> Required work: Exactly as written, return all the data, leaving its pictures behind.
■ ■ ■ ■
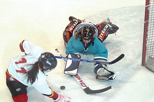 Ice time is tough to find, too. The girls currently get one 55-minute practice session a week at the Ice Den.
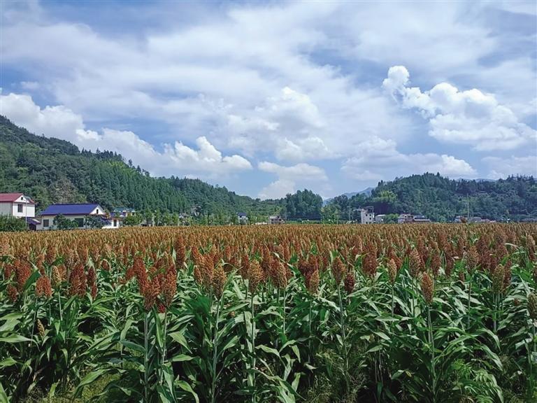 今年来,保靖县复兴镇甘溪村积极发展订单农业,与湘西酒鬼酒股份有限公司采取“村集体+公司+农户”的合作模式,精心打造50亩“东北红缨子高粱示范基地”,带动60名村民务工,已累计发放务工工资4.5万元。图为近日,种植基地的高粱基本成熟,预计产量1.5万公斤,产值11.4万元,助力村民增收和村集体经济发展。 张发军 王泽蓉 摄
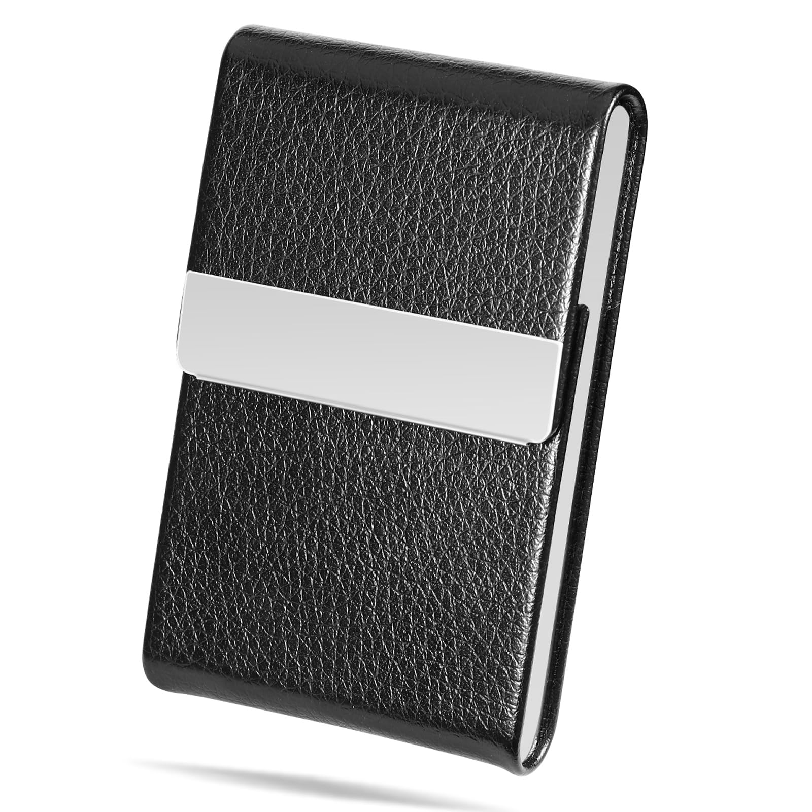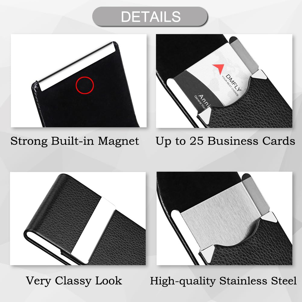 Easy to open: Our leather business card holder case use magnetic closure. It's easier to open than the buckle style. Use built in magnet, keep it nice looking.
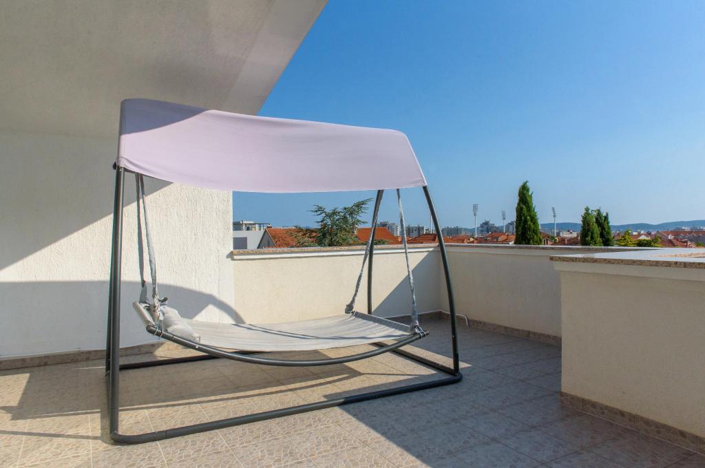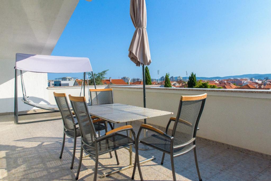 Va oferim un apartament frumos cu 3 camere cu 2 dormitoare, o toaleta moderna cu geam si masina de spalat, o bucatarie mare deschisa conectata la un receptor si aer conditionat. În spatele ei, te așteaptă o terasă mare cu o priveliște minunată asupra orașului și a mării, unde te poți bucura și relaxa. Unitatea este situată la 30 de minute de mers pe jos de frumoasa plajă a orașului și de centrul istoric al orașului. 10 minute cu mașina sau taxiul. Parcare direct in fata blocului.
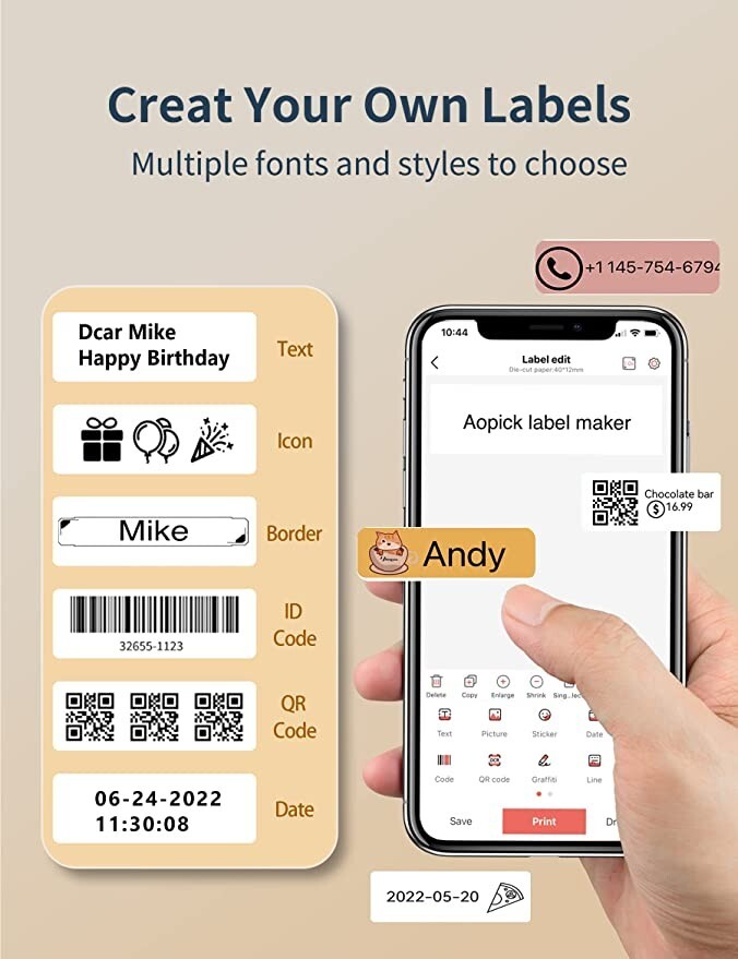 Label Maker Machine, Aopick Label Printer with 2 Roll Label Tapes and 1 Sticker,.
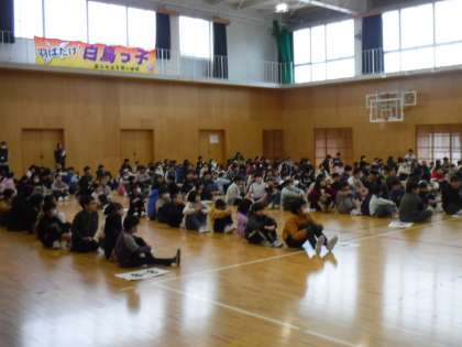 3月6日(水)今日の触れ合いタイムに、6年生が「サンキュー集会」を開いてくれました。先日の卒業を祝う会のお返しに、全校縦割り班で楽しいゲームをしたりプレゼントをしてくれたりしました。楽しい思い出をつくってくれる6年生に感謝です。
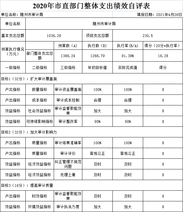 附件:2020年度隨州市審計(jì)局整體支出績(jī)效自評(píng)表
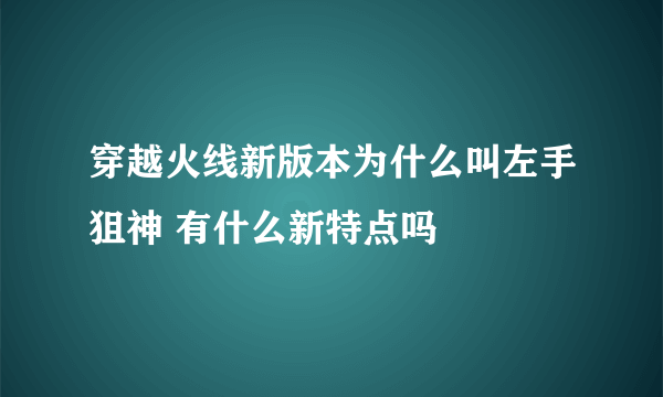 穿越火线新版本为什么叫左手狙神 有什么新特点吗
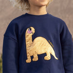 Acest hanorac pentru copii de la Mini Rodini este o piesă vestimentară caldă și elegantă pe care orice mic iubitor de dinozauri o va adora.
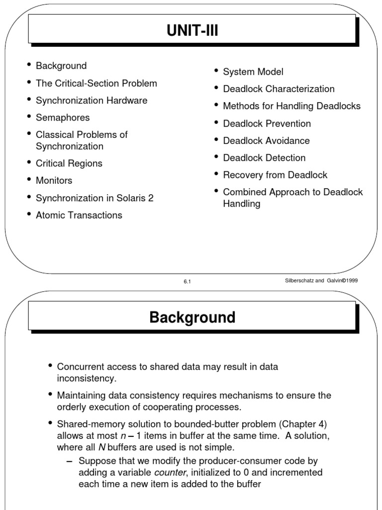 Maintaining data consistency requires mechanisms to ensure the orderly execution of cooperating processes. Shared-memory solution to bounded-butter problem (Chapter 4) allows at most n 1 items in buffer at the same time. A solution, where all N buffers are used is not simple. Suppose that we modify the producer-consumer code by adding a variable counter, initialized to 0 and incremented each time a new item is added to the buffer
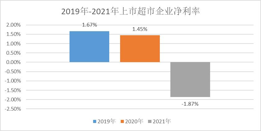 近三年,上市超市企业净利率也不断刷低,由正利率1.67%转向负利率1.87%。
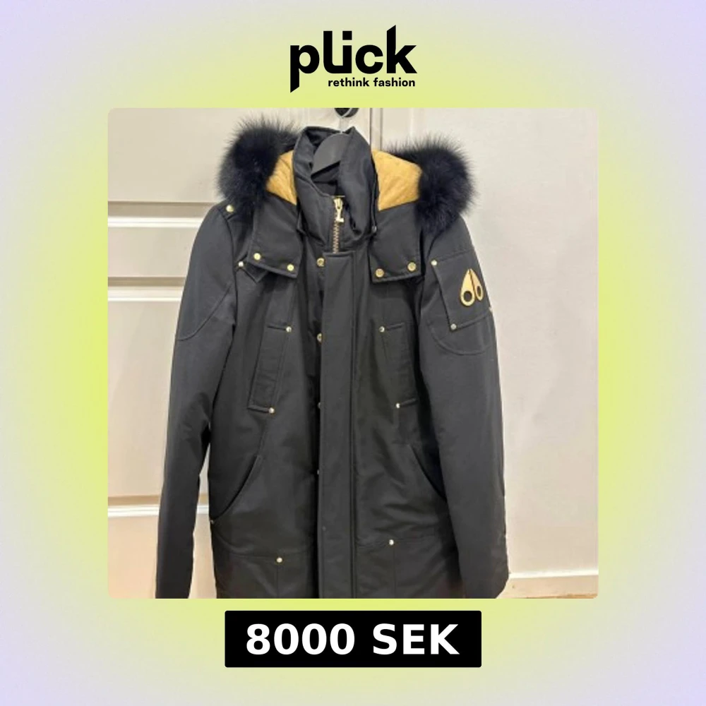 Svart parkajacka från Moose Knuckles med guldfärgade detaljer och dragkedja. Jackan har en stor huva med svart päls och flera fickor framtill. Insidan har ett broderat motiv med hockeyspelare och älg. Perfekt för kalla dagar och riktigt snygg stil. Använd 2 tillfälle förra vintern inprincip helt ny!
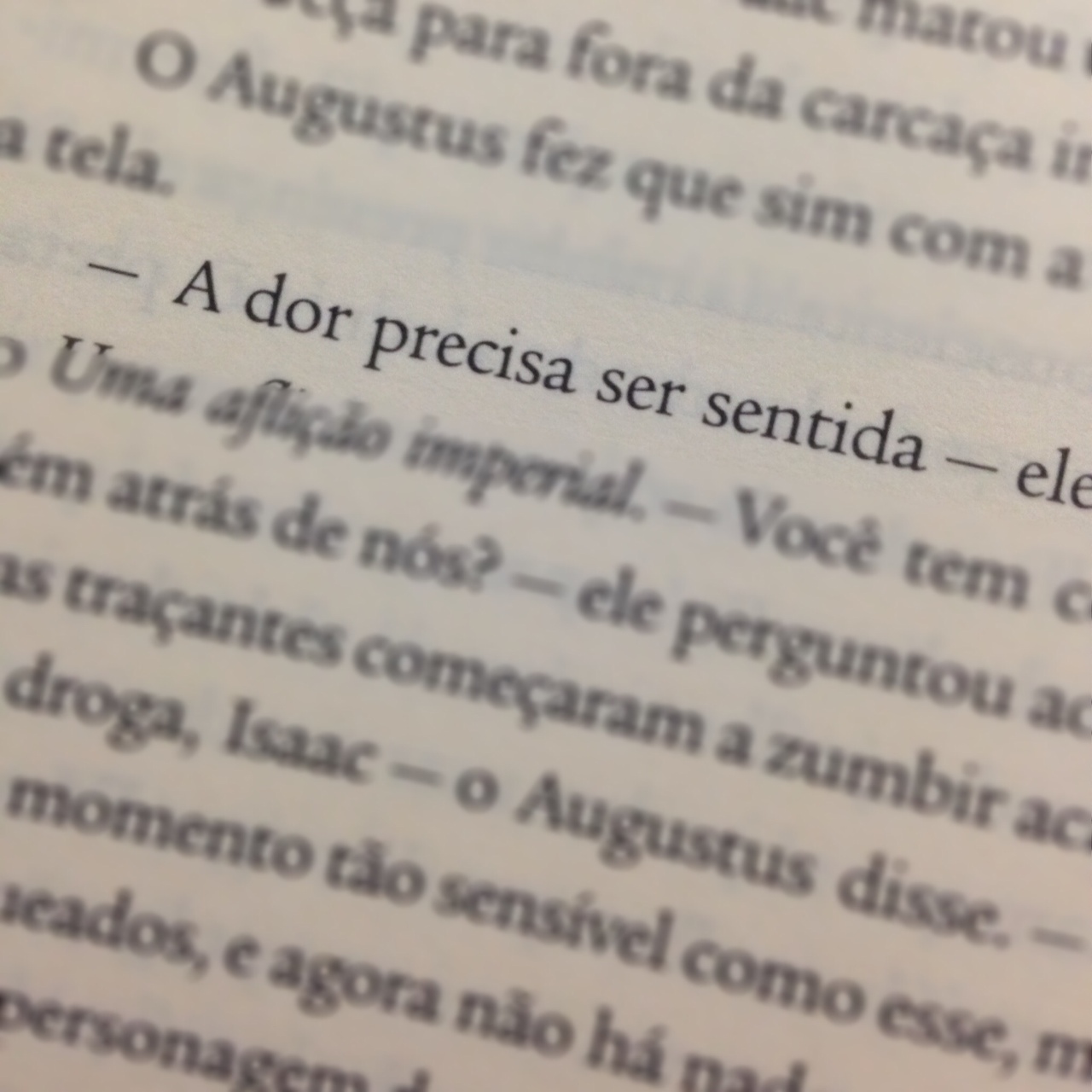 – Enquanto ele lia, me apaixonei do mesmo jeito que alguém cai no sono: gradativamente e de repente, de uma hora para outra. – Hazel
■ ■ ■ ■
> The completed task:
 Ice time is tough to find, too. The girls currently get one 55-minute practice session a week at the Ice Den.
 今年来,保靖县复兴镇甘溪村积极发展订单农业,与湘西酒鬼酒股份有限公司采取“村集体+公司+农户”的合作模式,精心打造50亩“东北红缨子高粱示范基地”,带动60名村民务工,已累计发放务工工资4.5万元。图为近日,种植基地的高粱基本成熟,预计产量1.5万公斤,产值11.4万元,助力村民增收和村集体经济发展。 张发军 王泽蓉 摄
 Easy to open: Our leather business card holder case use magnetic closure. It's easier to open than the buckle style. Use built in magnet, keep it nice looking.
 Va oferim un apartament frumos cu 3 camere cu 2 dormitoare, o toaleta moderna cu geam si masina de spalat, o bucatarie mare deschisa conectata la un receptor si aer conditionat. În spatele ei, te așteaptă o terasă mare cu o priveliște minunată asupra orașului și a mării, unde te poți bucura și relaxa. Unitatea este situată la 30 de minute de mers pe jos de frumoasa plajă a orașului și de centrul istoric al orașului. 10 minute cu mașina sau taxiul. Parcare direct in fata blocului.
 Label Maker Machine, Aopick Label Printer with 2 Roll Label Tapes and 1 Sticker,.
 3月6日(水)今日の触れ合いタイムに、6年生が「サンキュー集会」を開いてくれました。先日の卒業を祝う会のお返しに、全校縦割り班で楽しいゲームをしたりプレゼントをしてくれたりしました。楽しい思い出をつくってくれる6年生に感謝です。
 附件:2020年度隨州市審計(jì)局整體支出績(jī)效自評(píng)表
 穿越火线新版本为什么叫左手狙神 有什么新特点吗
 Acest hanorac pentru copii de la Mini Rodini este o piesă vestimentară caldă și elegantă pe care orice mic iubitor de dinozauri o va adora.
 Maintaining data consistency requires mechanisms to ensure the orderly execution of cooperating processes. Shared-memory solution to bounded-butter problem (Chapter 4) allows at most n 1 items in buffer at the same time. A solution, where all N buffers are used is not simple. Suppose that we modify the producer-consumer code by adding a variable counter, initialized to 0 and incremented each time a new item is added to the buffer
 近三年,上市超市企业净利率也不断刷低,由正利率1.67%转向负利率1.87%。
 Svart parkajacka från Moose Knuckles med guldfärgade detaljer och dragkedja. Jackan har en stor huva med svart päls och flera fickor framtill. Insidan har ett broderat motiv med hockeyspelare och älg. Perfekt för kalla dagar och riktigt snygg stil. Använd 2 tillfälle förra vintern inprincip helt ny!
 – Enquanto ele lia, me apaixonei do mesmo jeito que alguém cai no sono: gradativamente e de repente, de uma hora para outra. – Hazel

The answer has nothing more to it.